A Mercer news release said this trend comes as governments, providers, social partners, and plan sponsors scramble to meet the needs of the first cohort of retirees who will rely primarily on defined contribution (DC) plans for retirement income.

The articles take a look at this aspect of retirement planning in articles penned by Mercer consultants including:

  • Design for the future: DC spend-down strategy (Bob Moreen, Philadelphia)
  • Distribution options in the U.S. (Betsy Dill, Los Angeles)
  • Spend-down products: A Canadian perspective and experiences (Oma Sharma, Toronto)
  • Annuities market in the U.K.: Is help on the way? (Andy Parker, London)
  • Optimizing retirement: Spend-down modeling – In search of the silver bullet (Darren Wickham, Sydney)
  • Singapore’s CPF LIFE: An in-depth look (Ben Facer, Singapore)
  • Spend down: The final frontier (Neil Lloyd, Vancouver)

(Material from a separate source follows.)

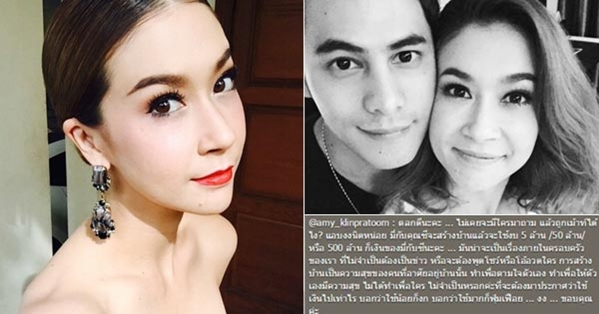 โดย เอมี่ ได้โพสต์ข้อความว่า "ตลกดีนะคะ...ไม่เคยจะมีใครมาถาม แล้วถูกเม้าท์ได้ไง ? แอบงงนิดหน่อย มี่กับคุณซีจะสร้างบ้านแล้วจะใช้งบ 5 ล้าน 50 ล้าน หรือ 500 ล้าน ก็เงินของมี่กับซีนะคะ... มันน่าจะเป็นเรื่องภายในครอบครัวของเราที่ไม่จำเป็นต้องเป็นข่าว หรือจะต้องพูดโชว์หรือโอ้อวดใคร การสร้างบ้านเป็นความสุขของคนที่อาศัยอยู่บ้านนั้น ทำเพื่อตามใจตัวเอง ทำเพื่อให้ตัวเองมีความสุข ไม่ได้ทำเพื่อใคร ไม่จำเป็นหรอกค่ะที่จะต้องมาประกาศว่าใช้เงินไปเท่าไร บอกว่าใช้น้อยก็งก บอกว่าใช้มากก็ฟุ่มเฟือย...งง... ขอบคุณค่ะ"

“With the imminent wave of baby boomer retirements about to occur, sponsors, policymakers, and fiduciaries of DC plans are spending considerable time and energy trying to develop, or at least understand, the optimal post-retirement solution,” said Wickham, a Principal and Actuary in Mercer’s Retirement, Risk & Finance business in Sydney, Australia.

A Spend-Down Model 

Mercer said its spend-down models (described in an article in the collection) are designed to help sponsors evaluate retiree returns in terms of real income over a lifetime, risks of strategies, the impact of the retiree leaving a bequest, and retiree risk preference and behavioral biases. The goal, according to Wickham, is to allow sponsors and others to:

  • Choose among different product providers;
  • Compare complex fee structures;
  • Compare different classes of products;
  • Design default strategies (possibly involving a mix of different classes of products);
  • Satisfy regulatory requirements (about default strategies);
  • Communicate, highlighting advantages to employees if they end up paying institutional fees rather than retail fees.

“The spend-down phase is in many ways the ‘final frontier’ of DC plan provision,” wrote Neil Lloyd, a Senior Consultant in Mercer’s Investment Consulting business in Vancouver. “It is certainly an area where regulators have concern, and employers are wary of stepping into the breach. But ultimately, the spend-down phase is most important to those people who are retiring from DC plans and who are now trying to decide what to do with their accumulated retirement assets.…If the past 10 years tracked the emergence of lifecycle/target-date funds in DC plans, the next 10 years will undoubtedly focus on the spend-down phase.”